The traffic flow’s properties are first converted into a format that could be processed in the following stages. The attributes pertinent to the attack are then identified in the subsequent step using a novel hybrid approach. This method uses a mixture of IG, ANOVA, and Relief criteria for feature weighting, followed by the final ranking of features conducted by a fuzzy model to ultimately determine the appropriate number of features for selection using the BEFS strategy. After selecting the attack-related features, in the third step, a CNN model is used for attack detection in each subnetwork. This learning model is deployed in the memory of the monitor node and performs local detection. At the end of the intrusion detection process, the monitoring nodes participating in the traffic stream share their local decision results with each other in order to determine the existence of a security threat in the traffic stream using a weighted voting strategy.

Pre-processing

The set of features that describe the connection between devices is preprocessed as the first stage in the suggested intrusion identification procedure. All categorical characteristics are initially transformed into numerical values during the preprocessing stage. During this procedure, all False/No values are changed to 0 s and all True/Yes values to 1 s. The dataset is then cleared of any records that have missing values. Every input numeric characteristic is normalized at the conclusion of the preprocessing stage. For this purpose, each numeric feature vector is mapped to the range of 0 to 1 using the following equation:

$${X}_{n}=\frac{x-{x}_{min}}{{x}_{max}-{x}_{min}}$$
(7)

In the above equation, \(x\) represents the feature vector before normalization and \({X}_{n}\) represents the values of this vector after normalization. Also, \({x}_{min}\) and \({x}_{max}\) describe the minimum and maximum numerical values in the feature vector x, respectively. The preprocessed feature set is used as the input of the proposed feature selection algorithm.

Feature selection

In the second phase of the proposed method, irrelevant indicators that may cause errors in the prediction process are removed. In addition to increasing the accuracy of the prediction model, this process also improves processing speed. The proposed method for selecting relevant features aims to combine the capabilities of three ranking strategies: Relief, ANOVA, and IG to develop a more efficient feature selection mechanism. To this end, the normalized features are first weighted using the three mentioned strategies, and then a fuzzy model is utilized to combine the feature rankings and determine the importance of each. After establishing the final rankings of the features, the BEFS algorithm is employed to select the optimal number of features.

a. Feature ranking

At the beginning of the feature selection step, the set of characteristics from the database is ranked simultaneously by three different algorithms. The first ranking strategy used is Relief. The Relief algorithm is a filter-based algorithm that identifies important features based on the information available in the training data and ranks them according to their significance. In the Relief method, the distance of each sample from other samples is calculated, and then the weight of each feature is determined based on the distances between the samples. In this case, features that have a smaller distance to other samples receive a higher weight, and based on this weight, the importance of each feature is determined. The Relief algorithm is an iterative strategy in which all features are examined and the importance of the features is identified. The computational details of this algorithm are given in30.

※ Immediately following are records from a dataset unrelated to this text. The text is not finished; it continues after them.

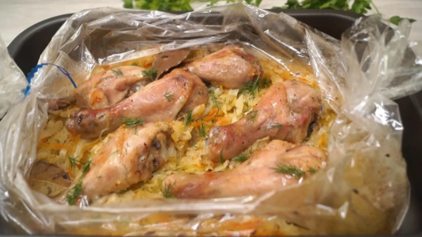 Ужин за 15 минут: Капуста с курицей в рукаве. Тает во рту и не отнимает времени!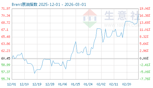 3月1日生意社Brent原油指數(shù)為70.62,與昨日持平,較周期內最高點124.02點(2022-03-09)下降了43.06%,較2020年04月22日最低點18.73點上漲了277.04%。(注:周期指2014-09-01至今)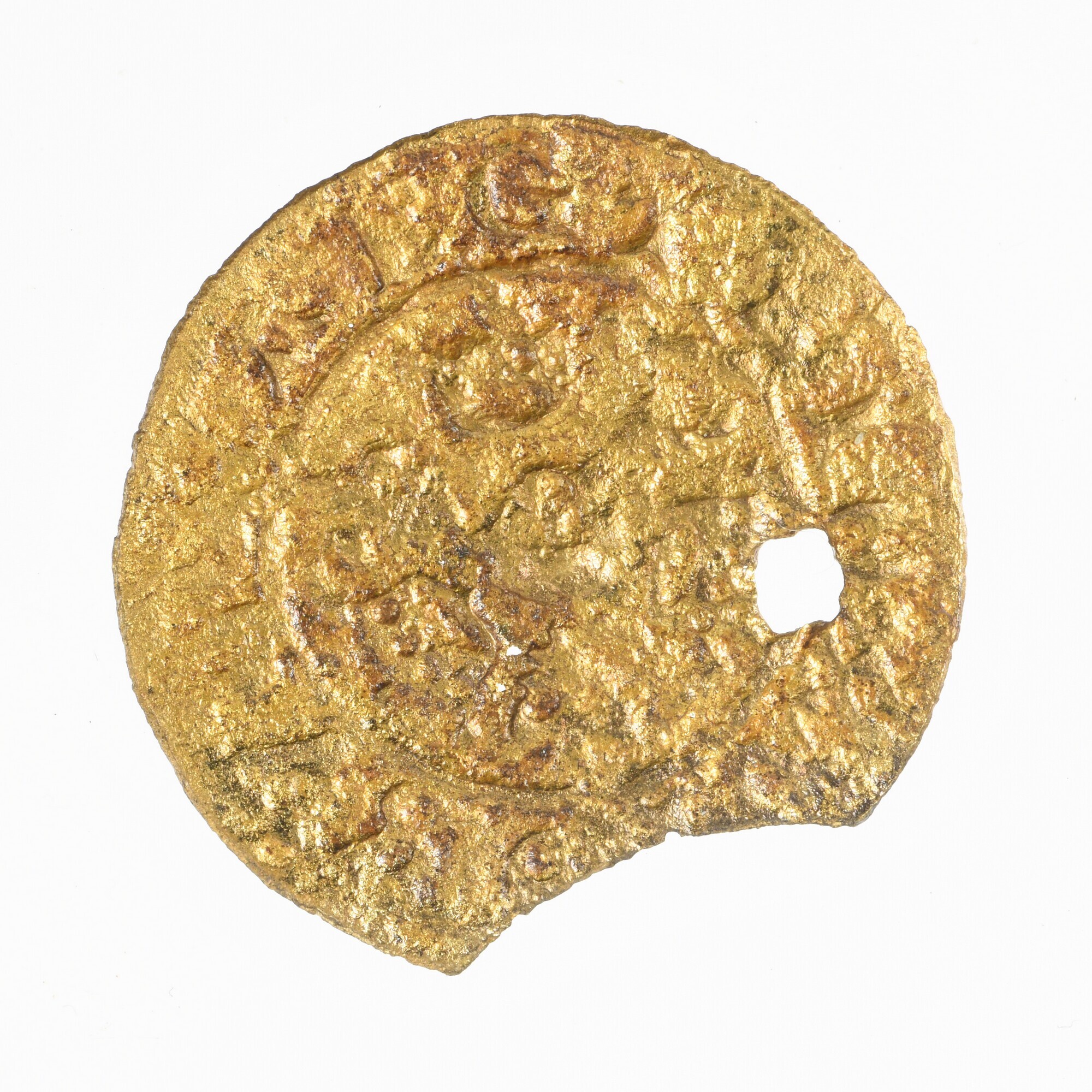 Rekenpenning; vz.: drie kronen en Franse lelies binnen cirkel met pseudorandtekst; kz.: rijksappel in driepas binnen cirkel met pseudorandtekst; secundaire doorboring?; herkomst: Neurenberg; gewicht: 1.26 gram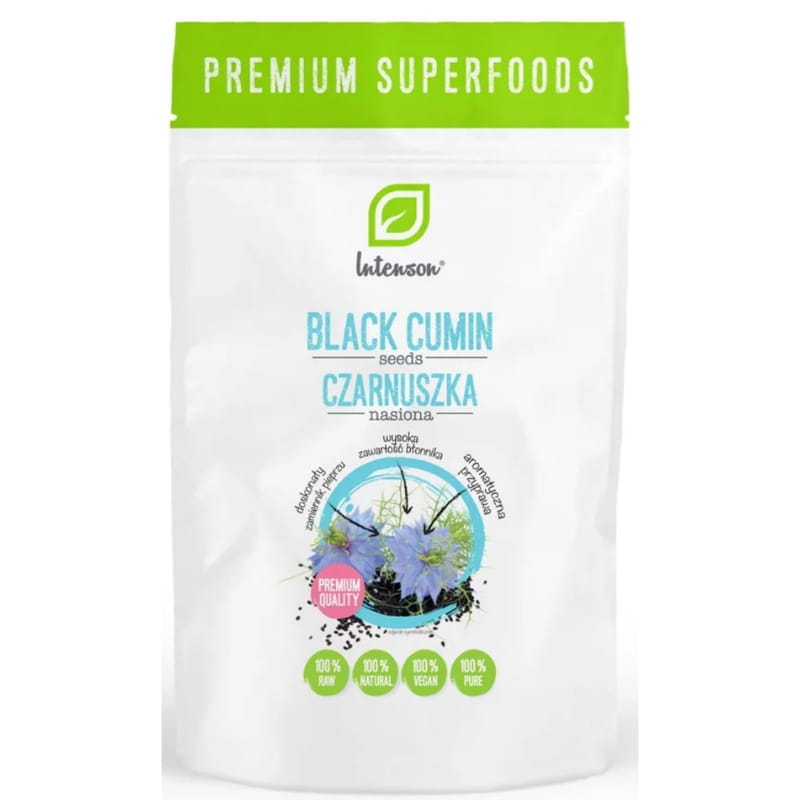 Intenson Czarnuszka nasiona to wysokiej jakości produkt naturalny, składający się ze starannie wyselekcjonowanych całych ziaren czarnuszki siewnej. Nasiona charakteryzują się intensywnym, lekko ostrym smakiem oraz charakterystycznym korzennym aromatem, który doskonale wzbogaca różnorodne potrawy. Produkt posiada czysty skład, bez żadnych sztucznych dodatków czy konserwantów. Czarnuszka marki Intenson świetnie sprawdza się jako posypka do domowego pieczywa, dodatek do twarogów, sałatek, a także składnik marynat do mięs i warzyw. To idealny wybór dla osób poszukujących naturalnych przypraw o wyrazistym profilu, które w prosty sposób pozwalają urozmaicić codzienny jadłospis i nadać daniom wyjątkowego charakteru.
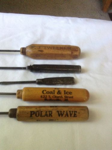 ADVERTISING ICE PICKS AND TOOLS FIVE PIECES.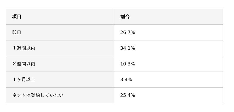 多くの人が1週間以内にネット環境を整えられる一方で、回線工事待ちの影響か約1割強は“ネットの空白期間”が2週間以上続くケースもあることが明らかになりました。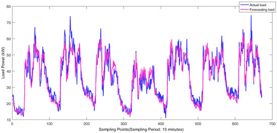 Customer 53990001 is selected from Category 2 for the forecasting customer. The MAPEs during a training period for Category 2 are shown in Figure 9 when the parameters are set as shown in Table 6. The compared curves of actual load and forecasting load using the proposed method on 18 November for Customer 53990001 are shown in Figure 10. The MAPE for Customer 53990001 on 18 November is 10.23%. The compared curves of actual load and forecasting load from 18 to 24 November for Customer 53990001 are shown in Figure 11. The MAPE for Customer 53990001 in this week is 10.97%. In Figure 10 and Figure 11, the error in sample points of one day is basically average and becomes larger when the curve comes to a peak. It is reasonable because the high or low peak is not reachable in most cases. The network should balance the prediction results for most situations during the training process. According to Figure 9, the MAPE decreases to a steady state as the epoch increases to 200. According to Figure 10 and Figure 11, the forecasting curve is close to the actual curve, which proves the availability of the proposed method.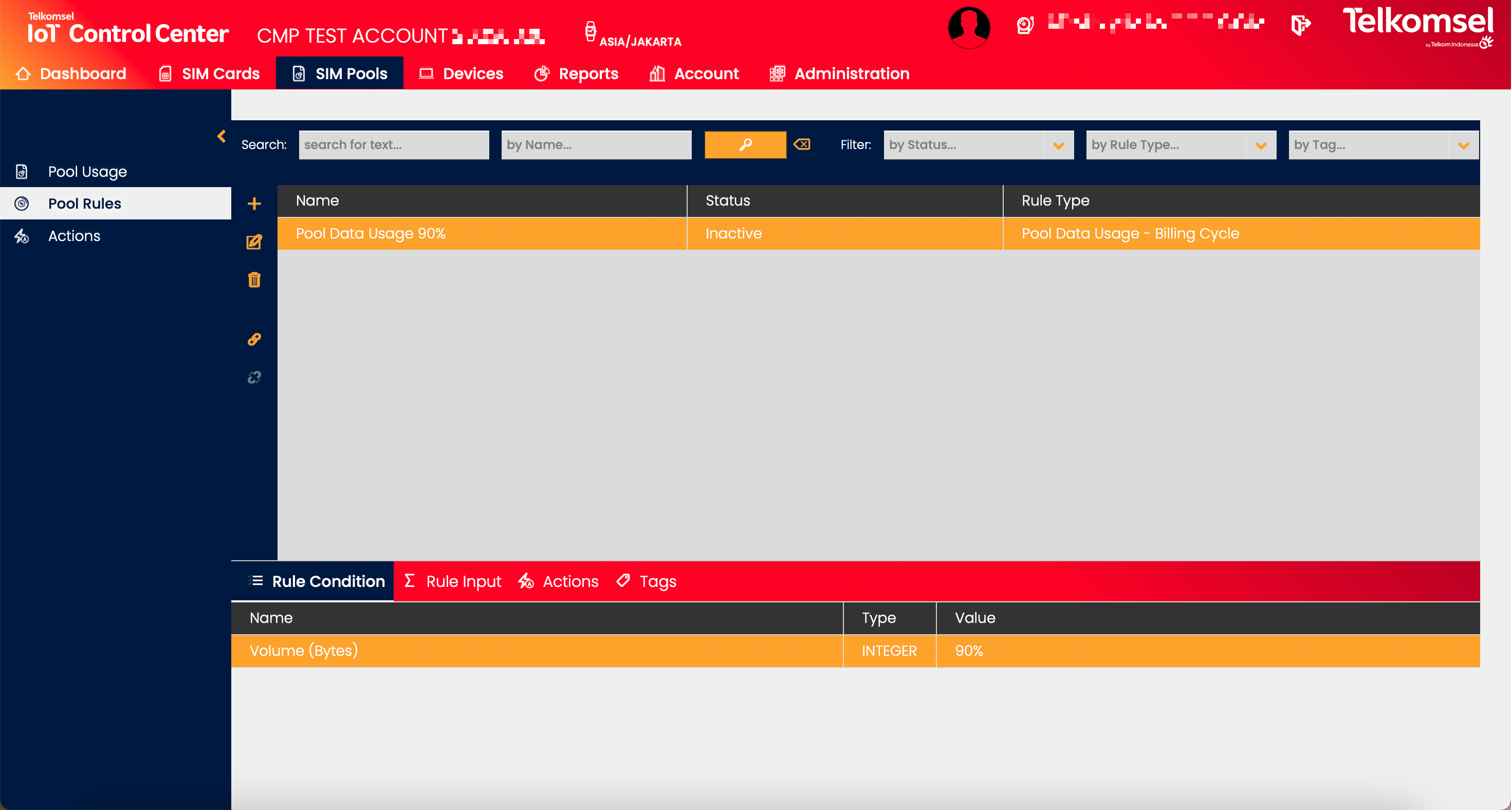 Rules define events which - when the event condition is fulfilled - automatically trigger one or many Actions. The event conditions in Pool Rules are related to SIM Pools.

The second strategy for ranking the features is ANOVA. The impact of every independent factor (input characteristics) on the one that is dependent (attack kind) can be investigated using One-way ANOVA31. Each input feature is subjected to this analysis in the suggested approach in order to calculate its impact on the variable of interest in the form of an F-score. Each feature’s F-score shows the proportion of variability within the group compared to between-group variation. When F > 1, the between-group variance ratio is greater than the within-group variation ratio, suggesting that the feature’s impact on the variable of interest may be greater than coincidence. Furthermore, this effect gets more evident as the numerical value of F rises. Therefore, the second ranking factor for the attributes in the suggested technique is the calculated F-statistic for any given input characteristic. The third technique used to estimate the importance of features in intrusion detection is IG. Each feature’s information entropy decrease within the target variable’s circumstances is quantified using the IG criterion. Consequently, the following formulation of this criterion can be made32:

$${I}_{f}\left(x,T\right)=E\left[x\right]-E\left[x|T\right]$$
(8)

The input and target characteristics are denoted by x and T, accordingly, in the equation above, while the entropy of characteristic x is denoted by E[x]. According to the formula above, a feature’s IG might fall between 0 and + ∞. A higher IG value denotes a feature of greater relevance, whereas a lower value denotes a feature of lesser importance and less powerful relationship with the target parameter.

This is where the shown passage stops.